Like other female writers of the nineteenth century, Rossetti believed in the
inherent redemptive power of women. Highly influenced by Florence Nightingale
whose brave service during the Crimean war made her an a-typical Victorian
woman, Rossetti modelled her protagonist Lizzie as a strong, resolute woman who
in order to protect her sister Laura could submit herself to a metaphorical rape,
“They trod and hustled her / Elbowed and jostled her / Clawed with their
nails…” When Laura becomes the fallen woman after partaking the forbidden fruit
from the goblins and becomes Eve-like, Lizzie becomes Christ-like in presenting
herself to Laura as a kind of a Eucharist, “Eat me, drink me, love me.”
The poem begins with the goblins inviting people to buy
their wares, “Morning and evening/ Maids heard the goblins cry/ ‘Come buy our
orchard fruits/ Come buy, come buy’…” But exchange in GOBLIN MARKET is the
province of the goblins, not of maidens.

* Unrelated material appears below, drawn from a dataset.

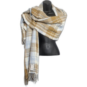J. Crew Acrylic Plaid Blanket Scarf Blue and Tan with Fringe 24X78

Indeed the two sisters, Lizzie and
Laura seem to know instinctively that, “We must not look at goblin men, / We
must not buy their fruits…” Yet Laura feels attracted to the goblins’ world of
exchange. Her powerlessness in bargaining with the goblins when she fails to
pay in cash, “You have much gold upon your head / They answered all together/
‘Buy from us with a golden curl’…”, and her final giving up to the goblins’ demands
suggest what a woman really lacks is a privileged term of gender.

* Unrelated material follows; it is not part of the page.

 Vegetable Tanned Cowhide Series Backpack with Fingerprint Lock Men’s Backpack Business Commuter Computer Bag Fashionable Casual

On the other hand, Lizzie’s “having to do” with the goblin
men is particularly to save her sister Laura, whose “tree of life drooped from
the root” having yielded to the eroticism offered by the goblins. Lizzie
embodies a spiritual, sisterly love as illuminated by the Christian typology
when The Son of God offered himself, “Take, eat this is my Body which is given
for you… Drink ye all of these for this is my Blood of the New Testament which
is shed for you.”
Lizzie ventures
“by the brook” at “twilight” with the intent of buying and carrying away from
the goblin men the fruits that would alleviate her sister’s fatal condition. Although
the goblins try to force her to “sit down and feast” with them on “…apples /
Russet and dun, / Bob at our cherries, Bite at our peaches, / Citrons and dates
…”, Lizzie arms herself from the goblins’ pushy advances by having “put a
silver penny in her purse” before her entry into their glen, unlike Laura.
The goblins’
cataloguing of their various commodities, a ‘spectacle de la marchandise’

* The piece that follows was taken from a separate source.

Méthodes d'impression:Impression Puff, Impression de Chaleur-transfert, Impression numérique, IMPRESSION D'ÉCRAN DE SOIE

provides a synesthetic pleasure with the iterated jingle, “Come buy, come buy: /
Apples and quinces / Lemons and oranges… Come buy, come buy…” Their calls are, “Sweet to tongue and sound
to eye.” They demonstrate something of a razzmatazz or a mass-consumer desire
through the process of advertising. While it was not until 1937 the term ‘
jingle’ got publicised as a genre of product advertisement, the goblins (and
Rossetti) show a zealous understanding of how hype is the be-all and end-all in
a consumer capitalist economy.
According to
Richard Menke, Lizzie’s acquisition of the silver penny is “the central mystery
of the poem”. The trope of the silver penny has moral, religious and economic
value in the Christian context, in the 'Parable Of The Lost Coin' found in the New
Testament:
“Or what woman, if
she had ten drachma coins, if she lost one drachma coin, wouldn’t light a lamp,
sweep the house, and seek diligently until she found it? When she has found it,
she calls together her friends and neighbours, saying, “Rejoice with me, for I
have found the drachma which I had lost. Even so, I tell you, there is joy in
the presence of angels of God over one sinner repenting.” (Luke 15:8-10)
What Lizzie arms
herself with, then, might in fact be the knowledge of, and more so, the faith
in redemption which the parable epitomizes or exemplifies. The silver penny
affords Lizzie the ability to not only resist the goblin men’s advances but also
allows her to fend off any kind of sexual assault. However, the text cites
Lizzie as “Tender Lizzie”, characterising her on one hand, as “kind, loving,
gentle”, - the traits of an ideal Victorian woman; while on the other hand,
‘tender’ also implies currency prescribed by the law as that in which
transactions may be made. Bourgeoised in two ways, Lizzie becomes both the
feminine ideal as well as the very material of capitalist exchange in the end.
GOBLIN MARKET is
a tale of a woman’s survival in a world led by market economy where, “the
market offers itself to women and girls as a stage for the production of
themselves as public beings… on particularly unfavourable terms.”